LibreNMS versions up to 24.9.1 contain a critical OS command injection vulnerability (CVE-2024-51092). Authenticated attackers can execute arbitrary commands on the host system, potentially leading to total compromise of the monitoring infrastructure.

CVE-2024-51092GHSA-x645-6pf9-xwxwCWE-78

Impact

LibreNMS versions 24.9.1 and earlier contain a vulnerability that allows authenticated users to perform OS command injection [S2]. Successful exploitation enables the execution of arbitrary commands with the privileges of the web server user [S1]. This can lead to full system compromise, unauthorized access to sensitive monitoring data, and potential lateral movement within the network infrastructure managed by LibreNMS [S2].

Root Cause

The vulnerability is rooted in the improper neutralization of user-supplied input before it is incorporated into an operating system command [S1]. This flaw is classified as CWE-78 [S1]. In affected versions, specific authenticated endpoints fail to adequately validate or sanitize parameters before passing them to system-level execution functions [S2].

Remediation

Users should upgrade their LibreNMS installation to version 24.10.0 or later to resolve this issue [S2]. As a general security best practice, access to the LibreNMS administrative interface should be restricted to trusted network segments using firewalls or access control lists (ACLs) [S1].

How FixVibe tests for it

FixVibe now includes this in GitHub repo scans.
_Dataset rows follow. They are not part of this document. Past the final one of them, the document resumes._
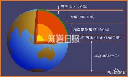 下地幔内延伸到地球的外核。地球外核是铁和镍的液体层,厚约2266公里,温度从4000摄氏度到5700摄氏度之间变动。
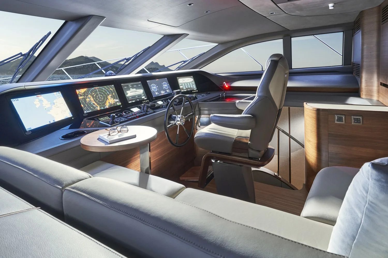 - Helm position with repeat navigation equipment including radar, chartplotter and engine instrumentation
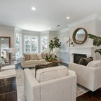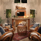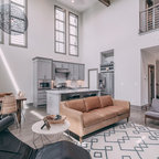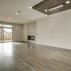 サンフランシスコの中サイズのコンテンポラリースタイルのおしゃれな独立型リビング (グレーの壁、ラミネートの床、標準型暖炉、タイルの暖炉まわり、茶色い床) の写真 — Houzz

The check reads authorized repository dependency files only, including composer.lock and composer.json. It flags librenms/librenms locked versions or constraints that match the affected range <=24.9.1, then reports the dependency file, line number, advisory IDs, affected range, and fixed version.

This is a static, read-only repo check. It does not execute customer code and does not send exploit payloads.